Re: UTF-8 'BOM' (was RE: Subject: Re: 32'nd bit & UTF-8)

From: Antoine Leca (Antoine10646@leca-marti.org)
Date: Fri Jan 21 2005 - 13:12:03 CST

  • Next message: Richard T. Gillam: "RE: Conformance (was UTF, BOM, etc)"

    RE: UTF-8 'BOM' (was RE: Subject: Re: 32'nd bit & UTF-8)OK, looks like I
    also was too terse.

    I wrote:
    >> fopen is normally text ("w"), binary mode ("wb") is rare and even
    >> then identical to text.

    First and third part we know each other what is about. You described at
    length.

    When I wrote:
    >> binary mode ("wb") is rare

    I intended to highlight that the intent of this "b" flag is often lost in
    programs from *nix heritage. And this is a problem.
    Granted, if the source never left the *nix world there is no actual problem.
    But it is when you try to port it outside that problems surge. Particularly
    when the same file is written "w" and read "rb", by the same set of programs
    (yes, it happens).

    Windows is probably a necessary evil, but this is not an excuse to take the
    short track and do the things in a way that only raise problems to the
    others.

    Of course, this is not against you, there is nothing personnal here.
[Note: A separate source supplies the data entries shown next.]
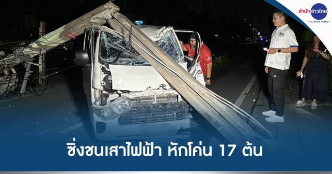 รถตู้ ซิ่งชนเสาไฟฟ้า หน้าปากซอยศรีบูรพา 16 ทำเสาไฟฟ้าหักโค่น 17 ต้น รถยนต์เสียหาย 5 คัน เจ็บ 8 คน ชาวบ้านเขตบางกะปิ กว่า 100 หลังคาเรือนไม่มีไฟฟ้าใช้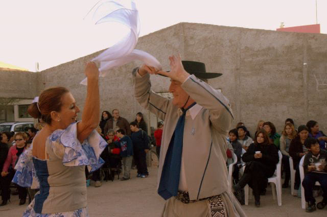 Luego, los presentes pudieron disfrutar de chocolate caliente y sopaipillas mientras observaban la actuación del ballet folklórico de adultos de la municipalidad de la Ciudad de Mendoza.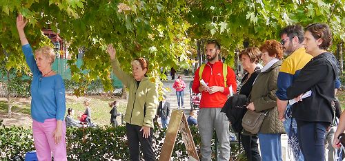 这十多年来,当地的法轮功学员都会来此集体炼功,每次也都会有一些人慕名来学炼功法。特别是在西班牙每年的国家健康博览会后,有时甚至会有几十人在得知法轮功的讯息后来炼功点学炼功法,他们来自不同的年龄段,不同的职业,有时甚至不同的国家。很多人在感受炼功点上的能量及法轮功的美好后,又将法轮功介绍给自己的亲朋好友。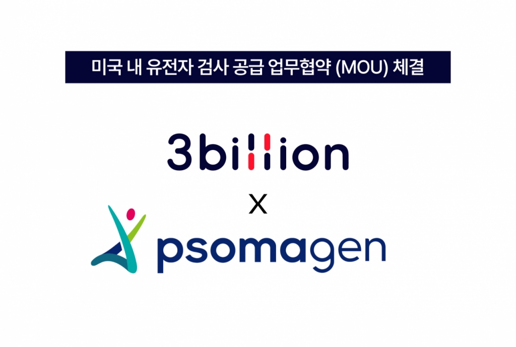 쓰리빌리언은 글로벌 유전체 기업인 소마젠과 함께 미국 의료시장을 대상으로 희귀질환 진단 유전자 검사 제공을 위한 업무협약(MOU)을 체결했다고 20일 밝혔다.
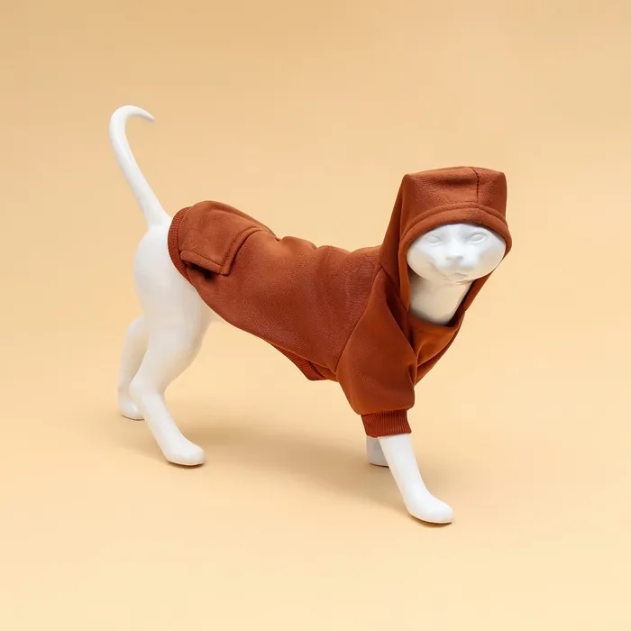 С этой коричневой толстовкой с капюшоном ваш питомец будет не только выглядеть стильно, но и оставаться в тепле и комфорте. Подарите ему уют в холодные дни и сделайте прогулки незабываемыми!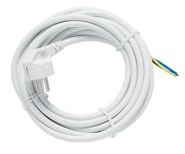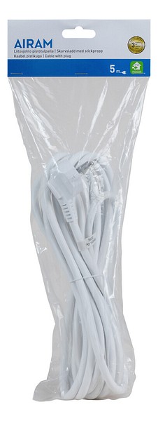 5 m mittainen liitäntäjohto pistotulpalla. Taipuisa kaapeli, väri valkoinen. Sisäkäyttöön, IP20. H05VV-F 3X1,5MM². Eri tarpeisiin ja eri laitteille.

    Lars Kristan answered:
    > BTW (yes, again and again): This is something Windows is not able
    > to achieve.

    What do you mean (simple curiosity, I did not get your point)?
    Yes Windows does extravagant contortions about codepages with filenames (and
    this is disappearing, fortunately), but that should be irrelevant. Yes, C
    programs on Windows "eat" CR.
    But I fail to see sigificant examples beyond those (I consider the "feature"
    of BOM at the beginning of Notepad/RichEdit/whatever UTF-8 files to be an
    outright bugbug that had been missed in due time and is now entrenched).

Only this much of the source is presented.